- Opening Delimiter -

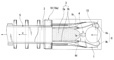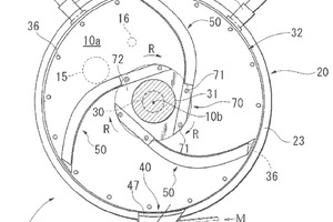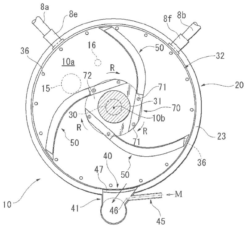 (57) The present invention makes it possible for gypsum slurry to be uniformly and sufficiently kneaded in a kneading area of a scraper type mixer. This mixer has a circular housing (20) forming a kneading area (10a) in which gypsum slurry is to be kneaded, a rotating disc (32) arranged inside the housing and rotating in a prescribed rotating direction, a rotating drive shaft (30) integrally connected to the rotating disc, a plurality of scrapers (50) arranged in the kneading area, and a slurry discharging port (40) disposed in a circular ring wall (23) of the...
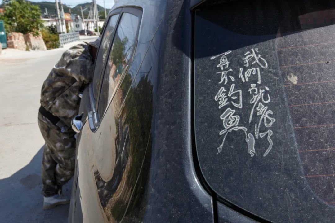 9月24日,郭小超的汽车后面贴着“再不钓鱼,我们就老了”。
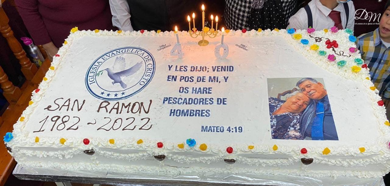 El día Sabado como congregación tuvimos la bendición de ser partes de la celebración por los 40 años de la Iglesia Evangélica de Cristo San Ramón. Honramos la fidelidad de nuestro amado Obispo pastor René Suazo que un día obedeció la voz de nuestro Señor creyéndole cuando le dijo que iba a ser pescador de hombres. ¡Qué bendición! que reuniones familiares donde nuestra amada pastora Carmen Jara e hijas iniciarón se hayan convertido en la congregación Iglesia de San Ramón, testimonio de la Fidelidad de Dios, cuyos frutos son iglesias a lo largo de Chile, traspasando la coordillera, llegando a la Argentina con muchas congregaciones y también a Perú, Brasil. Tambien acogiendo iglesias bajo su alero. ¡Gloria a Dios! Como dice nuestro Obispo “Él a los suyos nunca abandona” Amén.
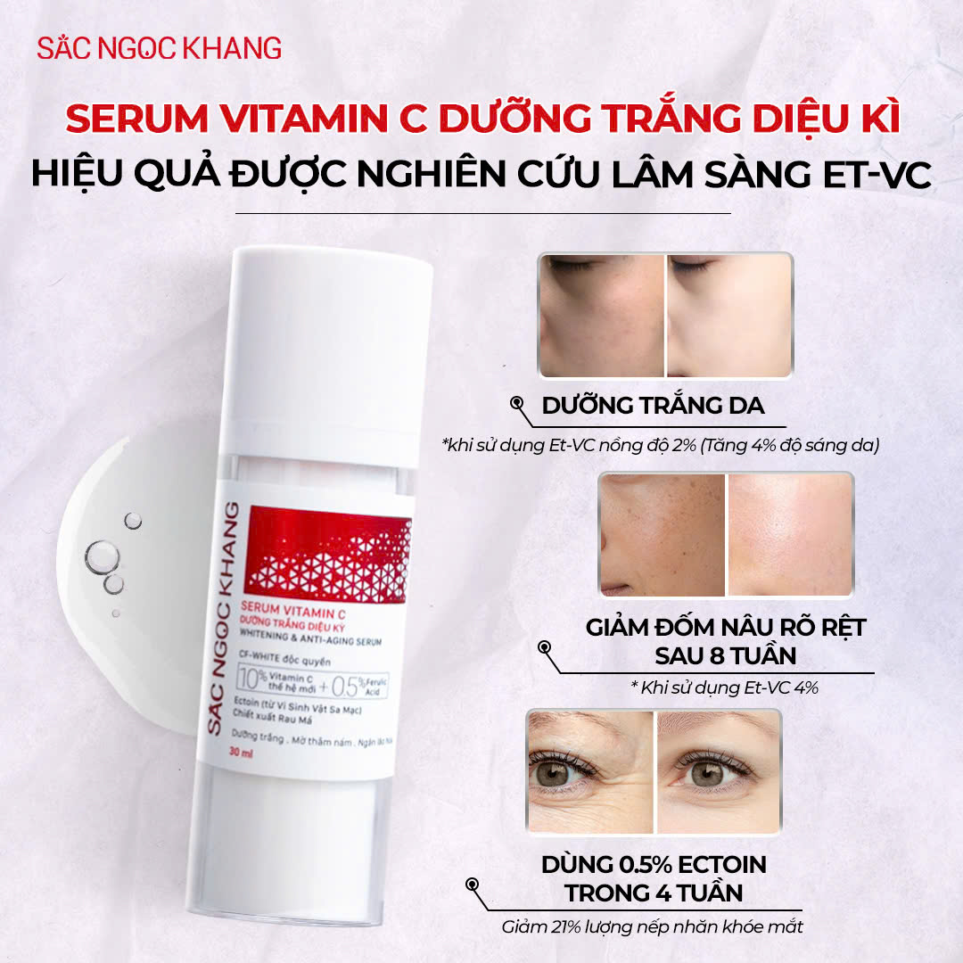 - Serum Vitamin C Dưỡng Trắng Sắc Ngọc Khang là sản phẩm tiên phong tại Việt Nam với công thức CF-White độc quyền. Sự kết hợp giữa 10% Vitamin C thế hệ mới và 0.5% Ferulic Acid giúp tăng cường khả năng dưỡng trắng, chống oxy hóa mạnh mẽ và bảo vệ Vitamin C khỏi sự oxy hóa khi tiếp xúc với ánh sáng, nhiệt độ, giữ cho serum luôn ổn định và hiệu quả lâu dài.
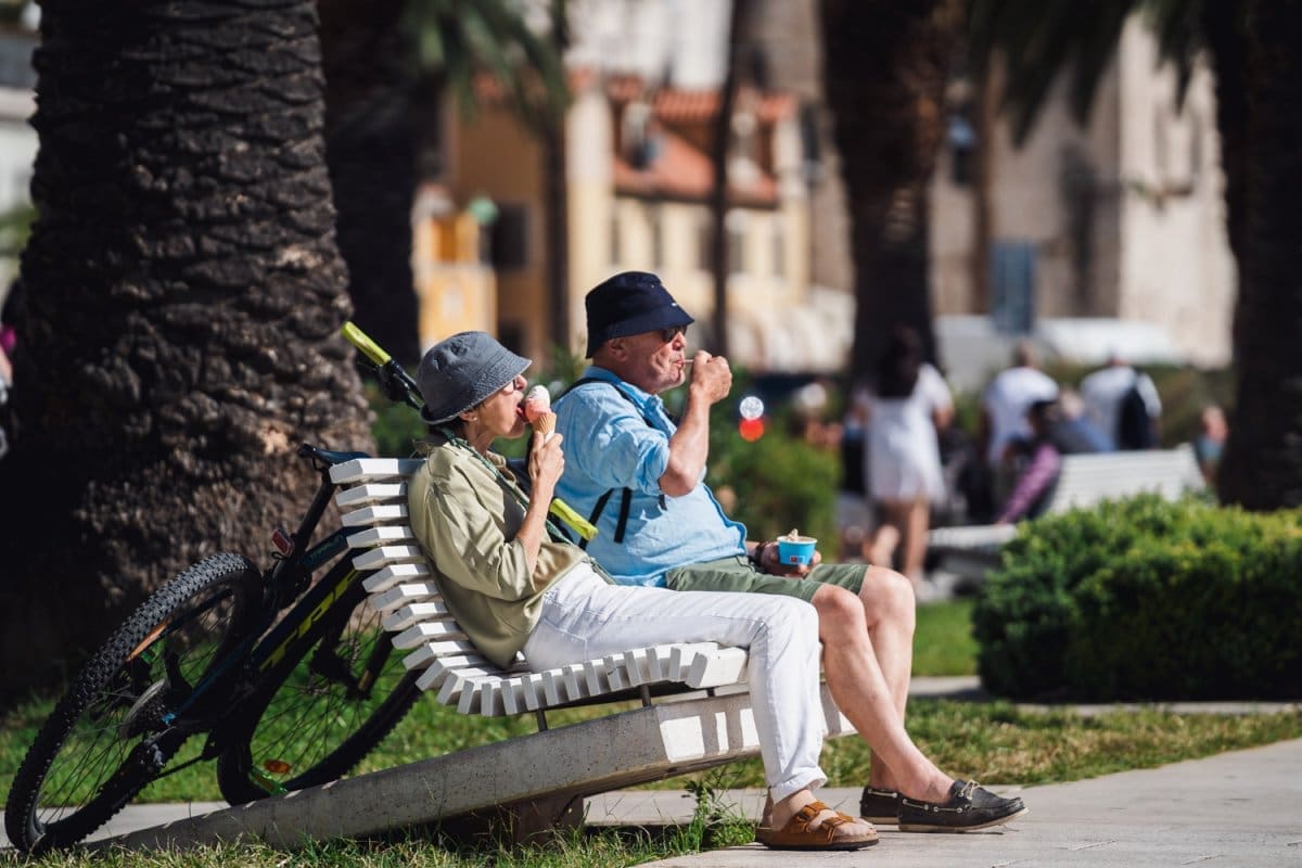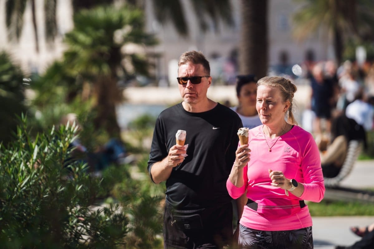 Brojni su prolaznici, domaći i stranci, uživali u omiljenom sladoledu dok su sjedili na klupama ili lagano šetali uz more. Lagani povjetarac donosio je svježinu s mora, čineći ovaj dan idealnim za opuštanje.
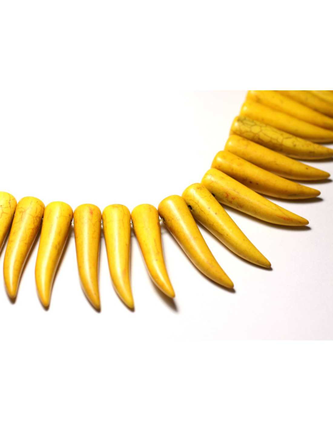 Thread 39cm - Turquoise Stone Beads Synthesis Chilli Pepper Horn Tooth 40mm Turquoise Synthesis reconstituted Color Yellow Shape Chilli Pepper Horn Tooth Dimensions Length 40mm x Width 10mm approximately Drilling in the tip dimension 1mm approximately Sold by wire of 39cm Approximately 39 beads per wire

- Closing Delimiter -
- Opening Delimiter -

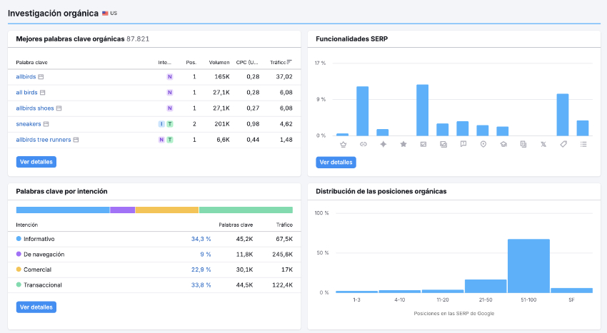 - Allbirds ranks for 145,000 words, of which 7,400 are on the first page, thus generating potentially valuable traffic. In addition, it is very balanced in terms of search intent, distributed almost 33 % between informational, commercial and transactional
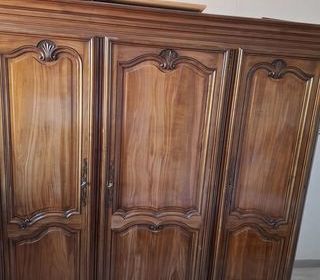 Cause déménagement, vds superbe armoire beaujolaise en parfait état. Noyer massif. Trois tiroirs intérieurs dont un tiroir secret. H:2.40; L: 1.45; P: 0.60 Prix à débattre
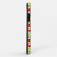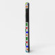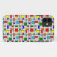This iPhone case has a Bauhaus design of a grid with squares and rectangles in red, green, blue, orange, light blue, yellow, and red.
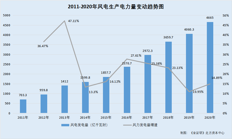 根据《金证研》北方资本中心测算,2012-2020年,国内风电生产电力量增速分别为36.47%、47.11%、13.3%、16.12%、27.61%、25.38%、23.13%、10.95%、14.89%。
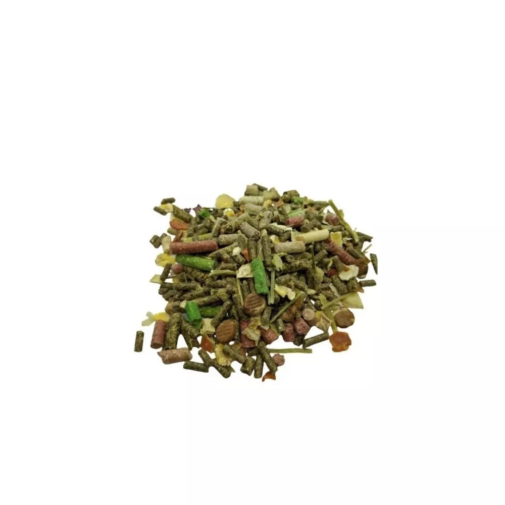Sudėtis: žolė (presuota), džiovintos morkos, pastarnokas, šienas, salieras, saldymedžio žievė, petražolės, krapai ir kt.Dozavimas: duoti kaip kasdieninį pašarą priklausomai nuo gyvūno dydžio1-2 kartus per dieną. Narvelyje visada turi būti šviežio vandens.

- Closing Delimiter -

#### Instructions for the task:
Write out the lines above from the one with "- Serum Vitamin" through the one with "Brojni su prolaznici, domaći", ends included, exactly; no picture goes in.

#### Answer to this problem:
 - Serum Vitamin C Dưỡng Trắng Sắc Ngọc Khang là sản phẩm tiên phong tại Việt Nam với công thức CF-White độc quyền. Sự kết hợp giữa 10% Vitamin C thế hệ mới và 0.5% Ferulic Acid giúp tăng cường khả năng dưỡng trắng, chống oxy hóa mạnh mẽ và bảo vệ Vitamin C khỏi sự oxy hóa khi tiếp xúc với ánh sáng, nhiệt độ, giữ cho serum luôn ổn định và hiệu quả lâu dài.
 Brojni su prolaznici, domaći i stranci, uživali u omiljenom sladoledu dok su sjedili na klupama ili lagano šetali uz more. Lagani povjetarac donosio je svježinu s mora, čineći ovaj dan idealnim za opuštanje.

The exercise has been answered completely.